Application of Layer Relevance Propagation analysis on acoustic environment classification.

Feature extraction

Spectrogram is a standard sound visualization tool, showing the distribution of energy in both time and frequency.


Spectrogram with the Mel Scale as its y axis, Mel Scale is constructed such that sounds of equal distance from each other on the Mel Scale, also “sound” to humans as they are equal in distance from one another.

Mel-Spectrogram example

Constant-Q spectrogram

Spectrogram of the constant-q transform, it has geometrically spaced center frequencies, it also increases time resolution towards higher frequencies, as the human auditory system.

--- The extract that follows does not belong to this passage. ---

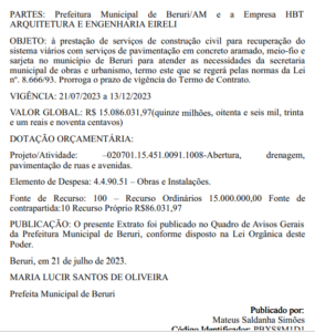 Prefeita de Beruri prorroga contrato de R$ 15 milhões com empresa de pavimentação; veja documento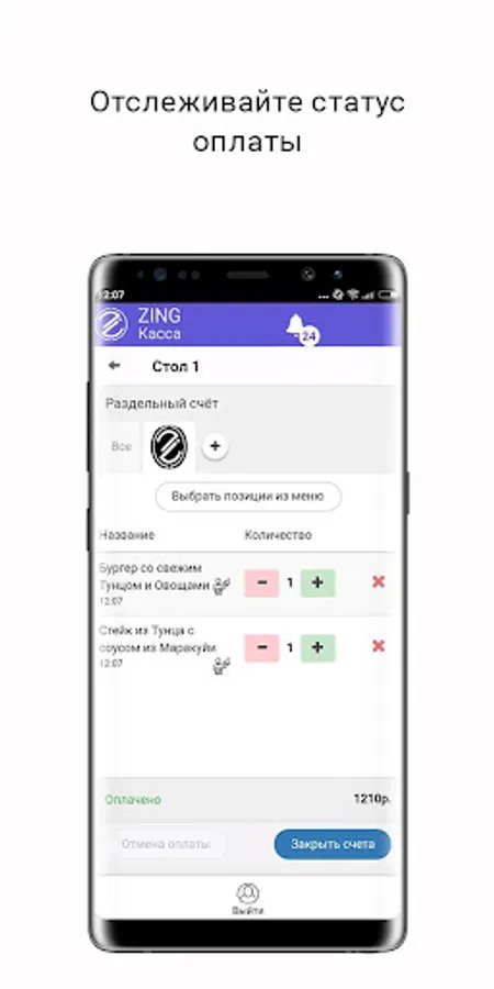 Zing Cash Desk is an application for business accounts of the Zing system.

Constant-Q-Spectrogram example

Model training

Model trained on the following net:

  Layer (type)                 Output Shape              Param #
  conv2d_1 (Conv2D)            (None, 62, 62, 32)        896
  conv2d_2 (Conv2D)            (None, 60, 60, 64)        18496
  max_pooling2d_1 (MaxPooling2 (None, 30, 30, 64)        0
  dropout_1 (Dropout)          (None, 30, 30, 64)        0
  conv2d_3 (Conv2D)            (None, 28, 28, 64)        36928
  conv2d_4 (Conv2D)            (None, 26, 26, 64)        36928
  max_pooling2d_2 (MaxPooling2 (None, 13, 13, 64)        0
  dropout_2 (Dropout)          (None, 13, 13, 64)        0
  conv2d_5 (Conv2D)            (None, 11, 11, 128)       73856
  conv2d_6 (Conv2D)            (None, 9, 9, 128)         147584
  max_pooling2d_3 (MaxPooling2 (None, 5, 5, 128)         0
  dropout_3 (Dropout)          (None, 5, 5, 128)         0
  flatten_1 (Flatten)          (None, 3200)              0
  dense_512 (Dense)            (None, 512)               1638912
  dropout_4 (Dropout)          (None, 512)               0
  dense_out (Dense)            (None, 10)                5130
  Total params: 1,958,730
  Trainable params: 1,958,730
  Non-trainable params: 0

Layer relevance propagation



How to use

  1. Clone the repository
  2. cd Audio-LRP
  3. docker build -t lrp-pytf .
  4. docker run -it --rm lrp-pytf
  5. Once inside the new shell, run the scripts
  6. To tranfer the data generated by the scripts, open a new terminal window
docker ps



docker cp <CONTAINER-ID>:./src/. ./dst


We are working with the UrbanSound8k dataset. The dataset has been pre-processed to make it uniform in duration and sampling frequency.

In this folder the feature extraction process has already been done, you can find the extracted mel-spectrogram inside urban/train, the feature are than reorganized into specific folders for the analysis part.